**WHAT IS REQUIRED**
Give back exactly the lines of the material below, starting with the line with "近日,南京醫科大學發布202" and going on through the line with "Nếu mường tượng".

**THE DATA**

'''

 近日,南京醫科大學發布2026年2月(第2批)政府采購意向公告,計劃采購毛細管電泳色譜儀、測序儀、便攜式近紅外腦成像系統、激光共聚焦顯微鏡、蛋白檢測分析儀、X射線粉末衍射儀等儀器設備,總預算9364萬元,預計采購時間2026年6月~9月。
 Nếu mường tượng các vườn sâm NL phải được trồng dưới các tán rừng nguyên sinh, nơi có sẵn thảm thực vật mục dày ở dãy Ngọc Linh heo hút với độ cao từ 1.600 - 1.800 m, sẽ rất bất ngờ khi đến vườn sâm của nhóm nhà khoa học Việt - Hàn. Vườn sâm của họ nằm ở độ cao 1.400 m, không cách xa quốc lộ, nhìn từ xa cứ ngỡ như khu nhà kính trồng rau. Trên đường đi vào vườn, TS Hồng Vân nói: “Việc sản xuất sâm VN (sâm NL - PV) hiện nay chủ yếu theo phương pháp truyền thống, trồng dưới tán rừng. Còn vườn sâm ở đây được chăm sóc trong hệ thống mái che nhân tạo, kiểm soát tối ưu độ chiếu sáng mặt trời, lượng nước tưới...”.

'''
'''

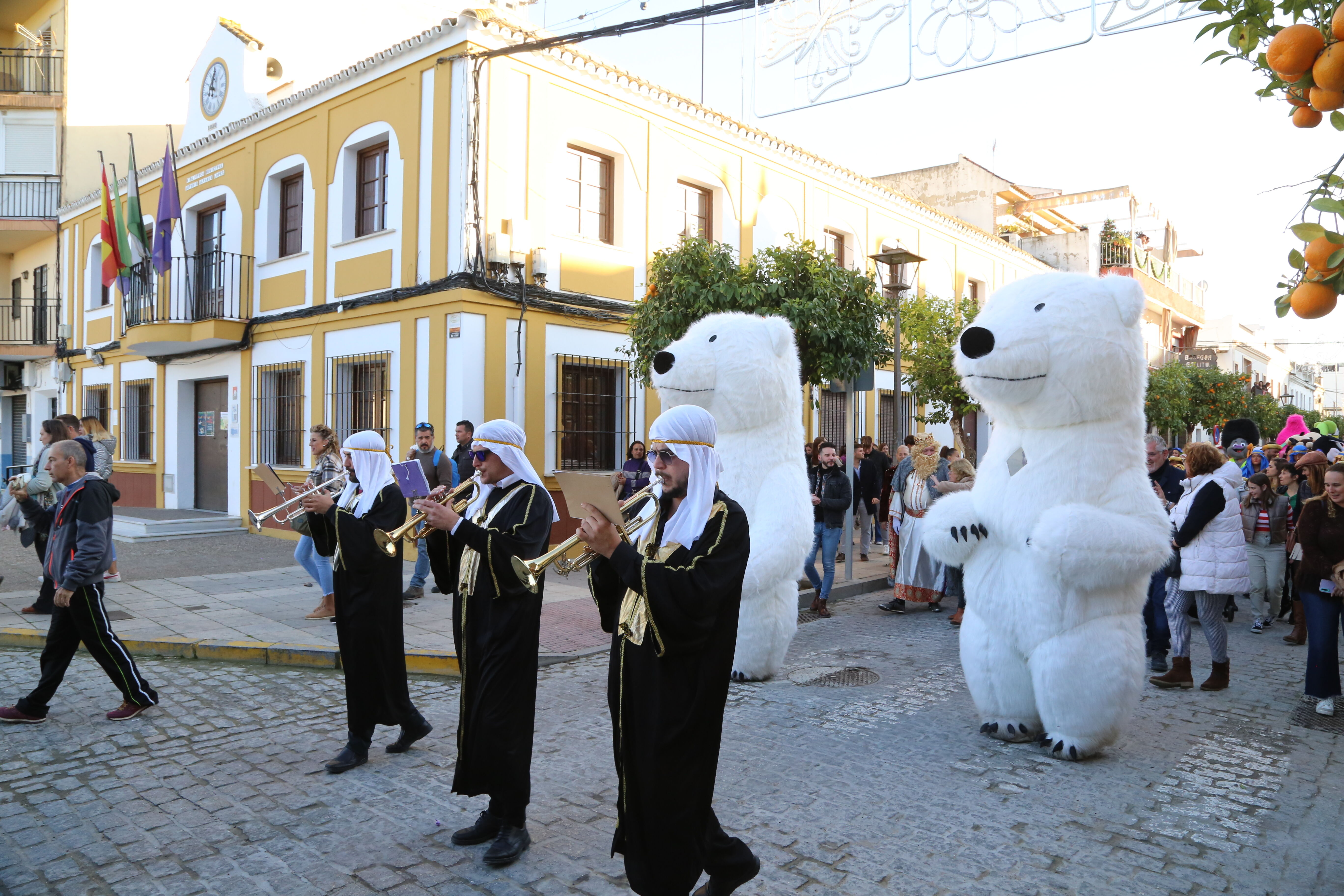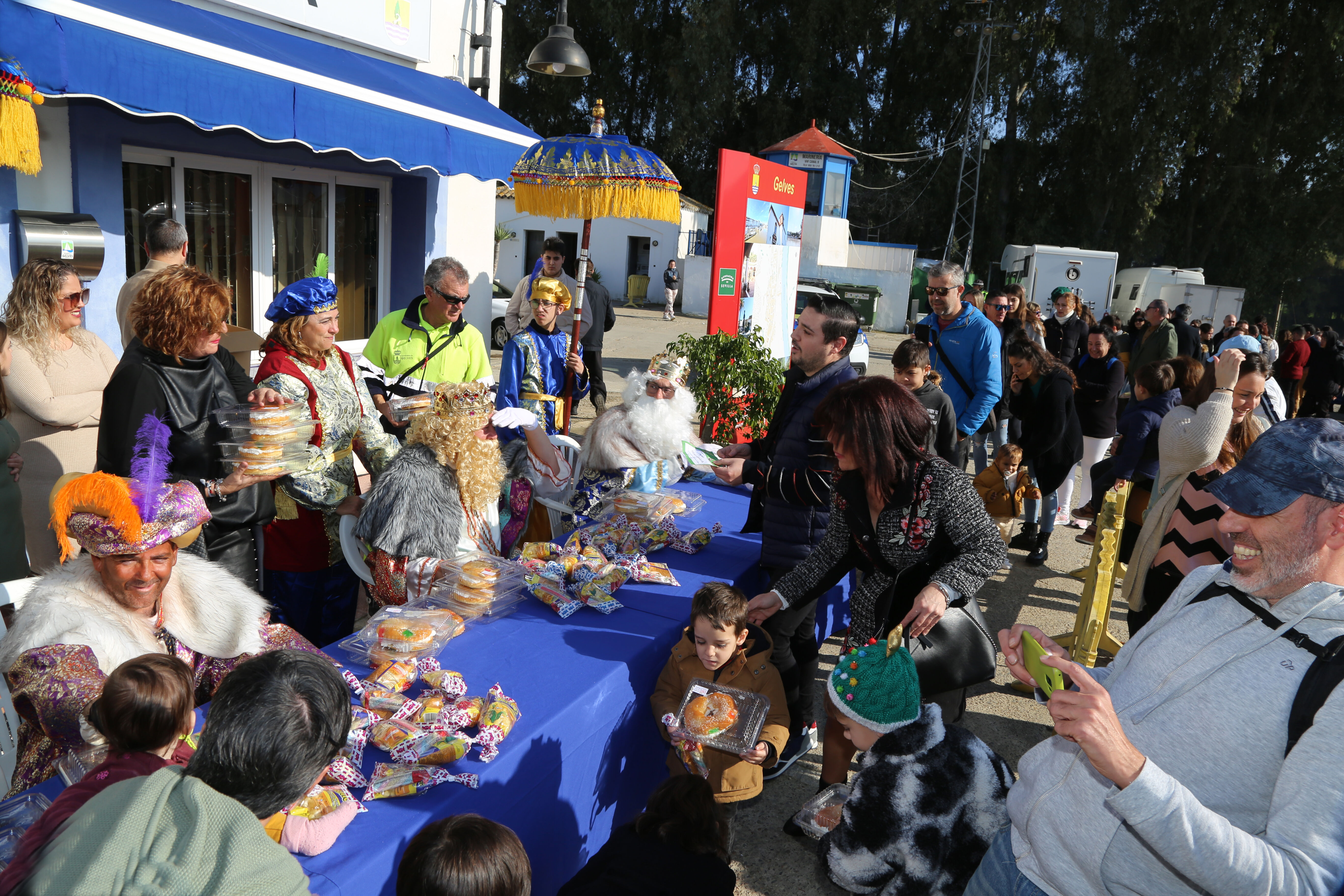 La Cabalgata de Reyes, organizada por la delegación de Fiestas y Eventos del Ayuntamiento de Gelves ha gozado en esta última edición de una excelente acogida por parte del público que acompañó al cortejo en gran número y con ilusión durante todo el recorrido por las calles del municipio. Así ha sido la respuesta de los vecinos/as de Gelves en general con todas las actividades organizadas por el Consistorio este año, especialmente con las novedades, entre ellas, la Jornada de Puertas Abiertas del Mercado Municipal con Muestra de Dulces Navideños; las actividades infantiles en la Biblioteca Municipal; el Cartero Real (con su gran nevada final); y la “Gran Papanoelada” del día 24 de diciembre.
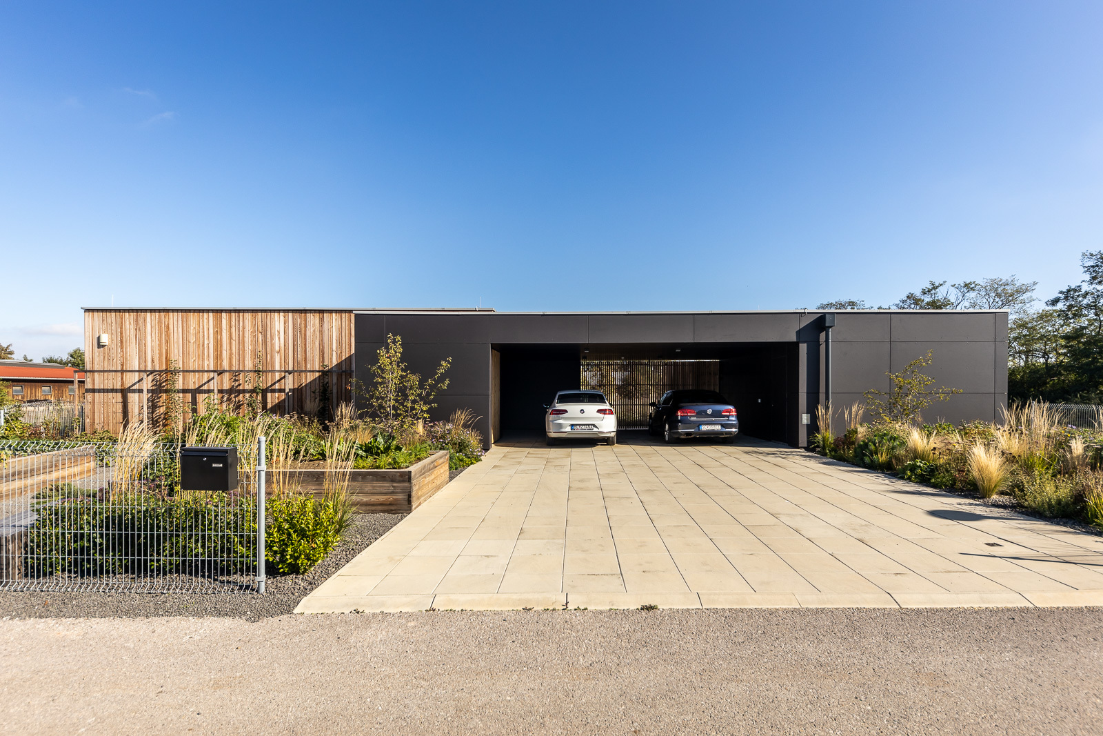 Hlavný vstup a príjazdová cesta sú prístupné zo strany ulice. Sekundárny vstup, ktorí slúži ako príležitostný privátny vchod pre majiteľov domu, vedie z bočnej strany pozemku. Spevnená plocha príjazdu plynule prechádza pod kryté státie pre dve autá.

'''

**OUTPUT FOR THIS EXERCISE**
 近日,南京醫科大學發布2026年2月(第2批)政府采購意向公告,計劃采購毛細管電泳色譜儀、測序儀、便攜式近紅外腦成像系統、激光共聚焦顯微鏡、蛋白檢測分析儀、X射線粉末衍射儀等儀器設備,總預算9364萬元,預計采購時間2026年6月~9月。
 Nếu mường tượng các vườn sâm NL phải được trồng dưới các tán rừng nguyên sinh, nơi có sẵn thảm thực vật mục dày ở dãy Ngọc Linh heo hút với độ cao từ 1.600 - 1.800 m, sẽ rất bất ngờ khi đến vườn sâm của nhóm nhà khoa học Việt - Hàn. Vườn sâm của họ nằm ở độ cao 1.400 m, không cách xa quốc lộ, nhìn từ xa cứ ngỡ như khu nhà kính trồng rau. Trên đường đi vào vườn, TS Hồng Vân nói: “Việc sản xuất sâm VN (sâm NL - PV) hiện nay chủ yếu theo phương pháp truyền thống, trồng dưới tán rừng. Còn vườn sâm ở đây được chăm sóc trong hệ thống mái che nhân tạo, kiểm soát tối ưu độ chiếu sáng mặt trời, lượng nước tưới...”.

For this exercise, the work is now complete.